You could try running a simple sample from Dynamic C's "compile to RAM" mode. Something that just flashes an LED at startup.

And I also recommend looking into ways to use sockets instead of soldering the core to your main board. I myself had a product using RCM2200-series modules and soldered them in the first revision of the product. It made troubleshooting difficult and expensive, plus soldering the core modules meant I could not get warranty service on any that were bad. It was difficult to fully test the main board without a core installed, and difficult to do board repairs after soldering the core.

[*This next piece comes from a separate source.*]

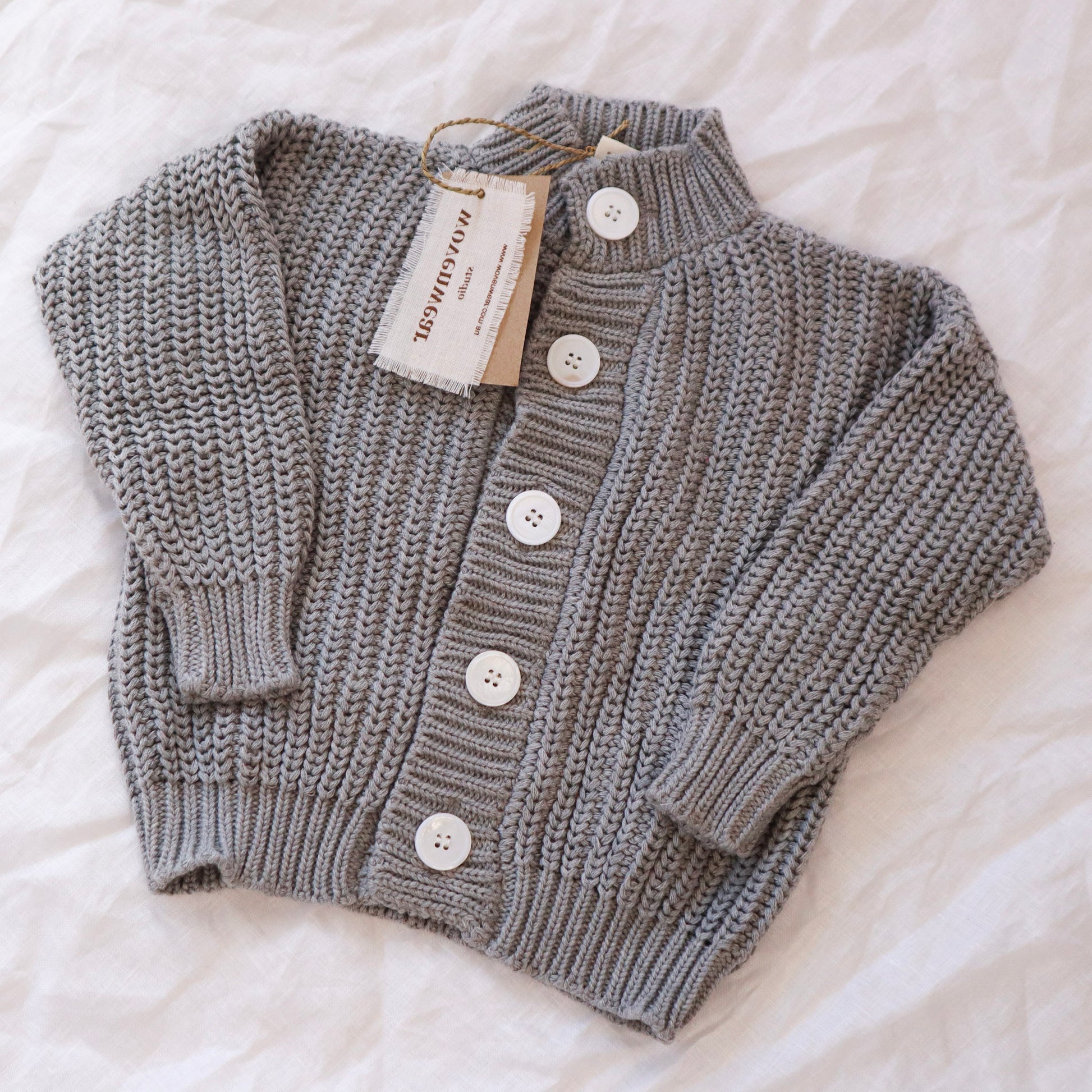 Chunky knit cardigan featuring high neck collar, shell opening buttons down front and rib cuff

I changed enclosures and had enough space for headers. I had looked at whether I could put SMT headers on the bottom of the board, and have the pins pass through holes or a cutout in the board and enter the back of the header.
answered Mar 28 by TomCollins Veteran of the Digi Community (1,459 points)
Thank you for your time in such a comprehensive answer.

Believe me, I've pushed for a header and we do typically use them with the 2000 series devices. It's just not an option and will create a major redesign.

Where do I find a sample file? It's not something I can immediately find

Many thanks

Sean
Try C:\DCRABBIT_9.62\Samples\DEMO1.C.
Partial success.  One of the boards would accept the Demo1 firmware and worked away. So I found the place in my code that caused the run to fail. Isolated the associated hardware and got the board to run. Easy fix.

The second board will not accept run the demo firmware and it doesn't look like it's the same issue as the first board.

When running in debug mode, the firmware is downloaded to the device, there is comms both ways on the programming line, but when the program should start,DC throws an error: "While Sensing User Program: Timeout while waiting for response from target."
If I was troubleshooting this, I would use a logic probe to capture the serial port A traffic (used as the debug interface) and compare it between the working and failing hardware.  It's going to be difficult to identify whether the RCM4300 was damaged during manufacturing, or if there's something in the baseboard hardware causing problems (e.g., pulling an I/O line low or high).

Of your 16 units, are the other 14 (plus the repaired board) working correctly?  I think for the board that continues to fail, you will need to run various tests to compare it to boards that are working.